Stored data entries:
========

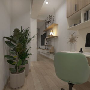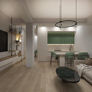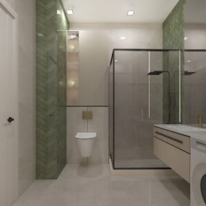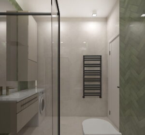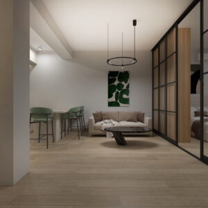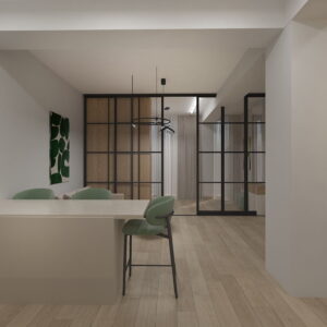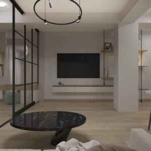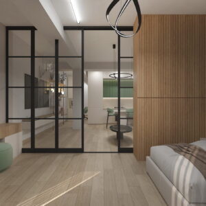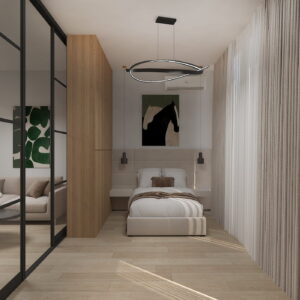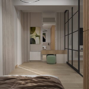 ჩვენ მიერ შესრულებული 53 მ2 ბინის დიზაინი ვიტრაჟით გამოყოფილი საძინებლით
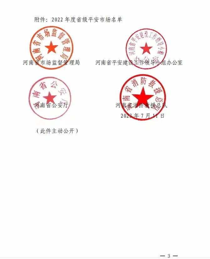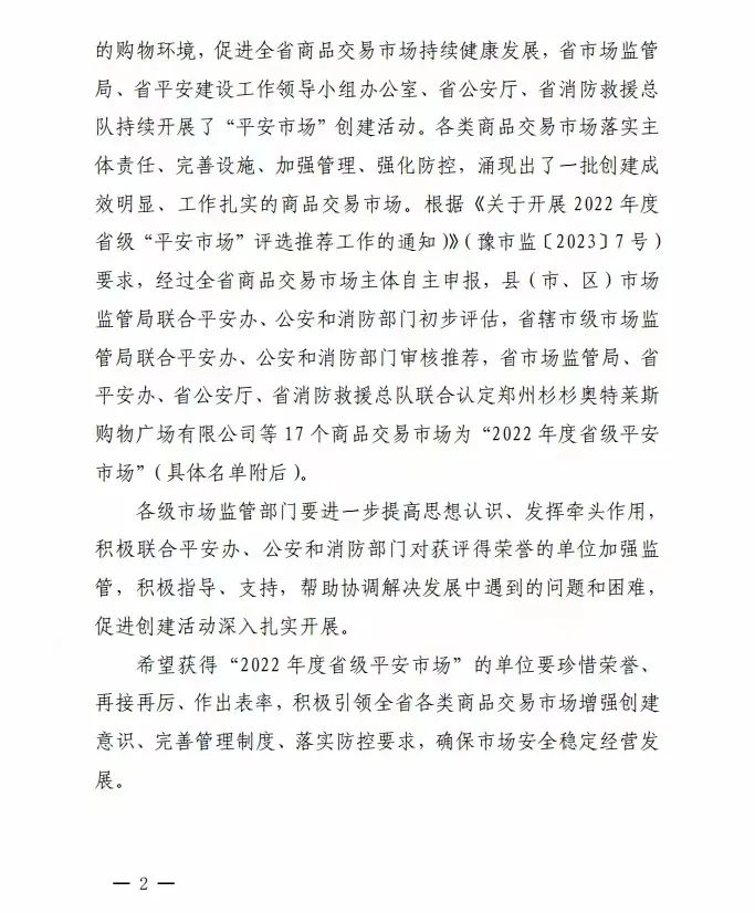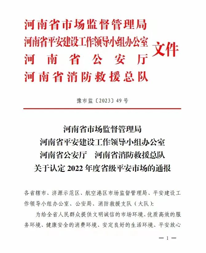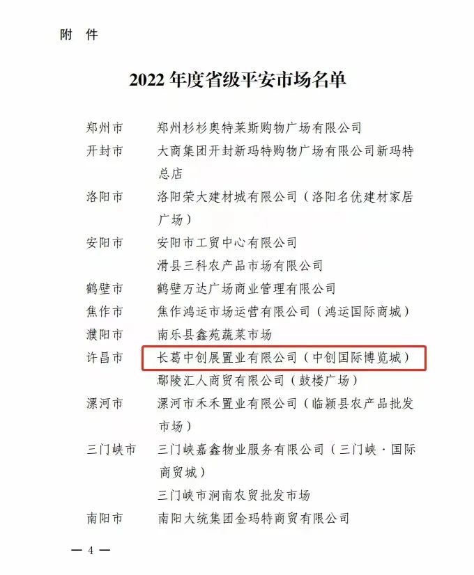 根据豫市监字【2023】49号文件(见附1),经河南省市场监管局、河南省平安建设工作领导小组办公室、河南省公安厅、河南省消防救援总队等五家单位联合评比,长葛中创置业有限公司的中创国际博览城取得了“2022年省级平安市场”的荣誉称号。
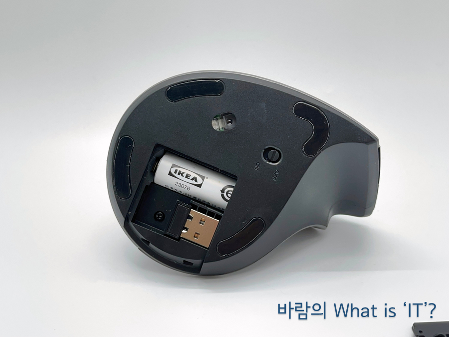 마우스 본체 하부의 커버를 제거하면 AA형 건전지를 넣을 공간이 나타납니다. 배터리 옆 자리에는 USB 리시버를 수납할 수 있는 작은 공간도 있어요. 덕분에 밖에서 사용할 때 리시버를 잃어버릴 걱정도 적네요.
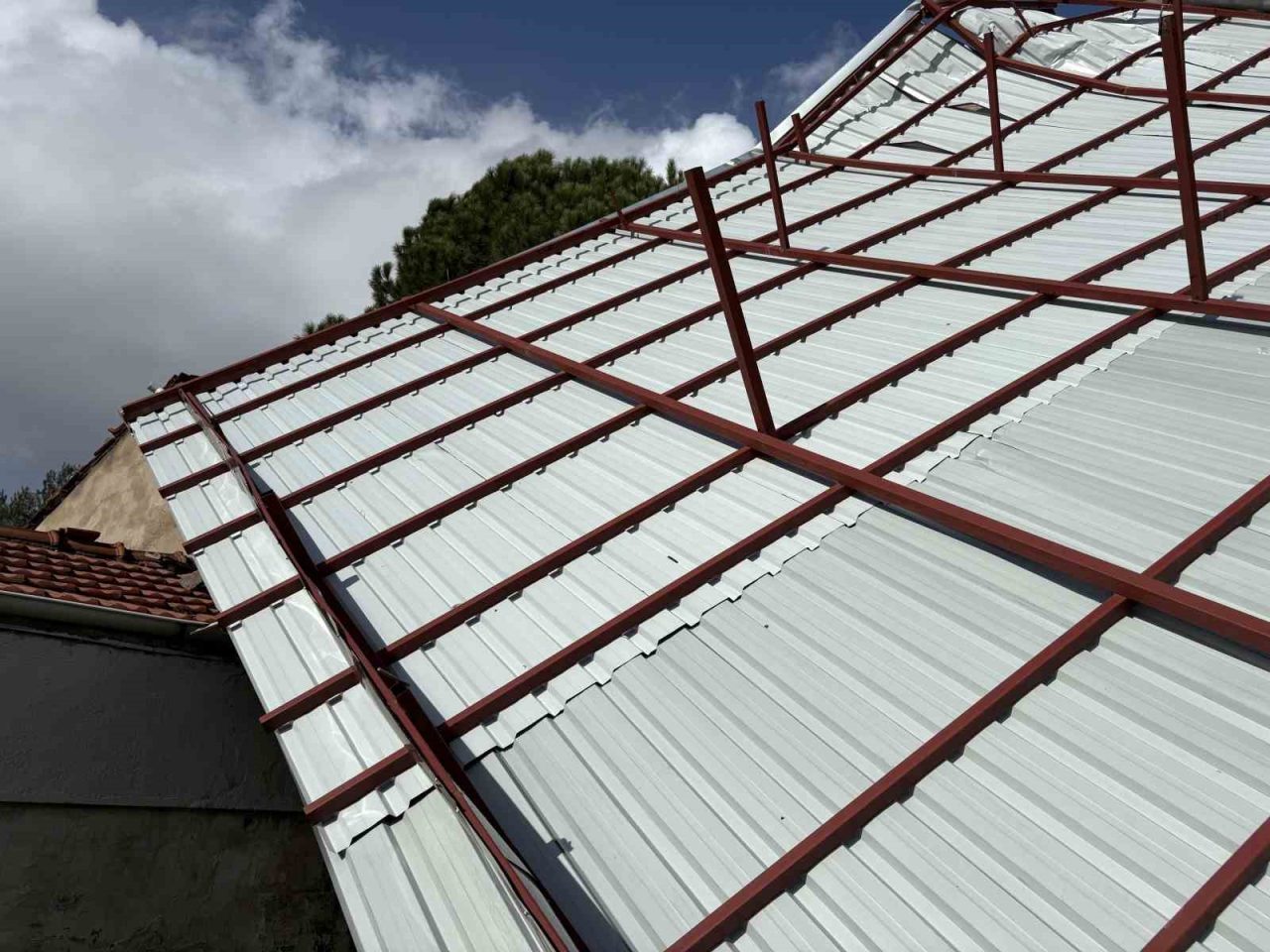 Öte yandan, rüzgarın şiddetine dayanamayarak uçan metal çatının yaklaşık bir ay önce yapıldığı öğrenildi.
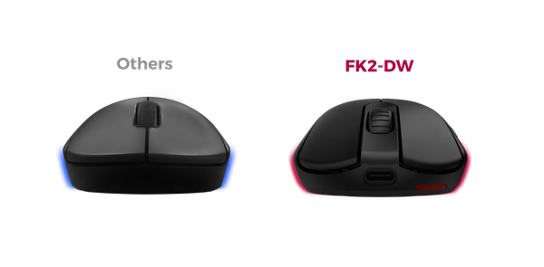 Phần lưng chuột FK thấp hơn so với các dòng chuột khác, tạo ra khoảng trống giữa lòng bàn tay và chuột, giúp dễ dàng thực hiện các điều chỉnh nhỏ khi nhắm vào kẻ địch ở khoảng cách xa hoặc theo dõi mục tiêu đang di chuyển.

========

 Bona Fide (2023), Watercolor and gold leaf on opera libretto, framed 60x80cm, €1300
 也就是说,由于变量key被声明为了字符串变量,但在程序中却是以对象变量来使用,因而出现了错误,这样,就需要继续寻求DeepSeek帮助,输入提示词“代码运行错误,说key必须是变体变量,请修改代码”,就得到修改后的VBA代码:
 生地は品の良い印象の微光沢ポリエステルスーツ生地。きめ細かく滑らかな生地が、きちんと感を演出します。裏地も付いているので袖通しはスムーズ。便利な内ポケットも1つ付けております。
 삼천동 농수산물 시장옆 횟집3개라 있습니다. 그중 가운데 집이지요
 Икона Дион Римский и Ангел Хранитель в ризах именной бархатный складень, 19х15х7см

========

### What the task requires
Above are entries with pictures among them. Write out exactly the lines from the one containing "Öte yandan, rüzgarın" through the one containing "Phần lưng chuột", ends included, and leave those pictures out.

### Solution for this problem
 Öte yandan, rüzgarın şiddetine dayanamayarak uçan metal çatının yaklaşık bir ay önce yapıldığı öğrenildi.
 Phần lưng chuột FK thấp hơn so với các dòng chuột khác, tạo ra khoảng trống giữa lòng bàn tay và chuột, giúp dễ dàng thực hiện các điều chỉnh nhỏ khi nhắm vào kẻ địch ở khoảng cách xa hoặc theo dõi mục tiêu đang di chuyển.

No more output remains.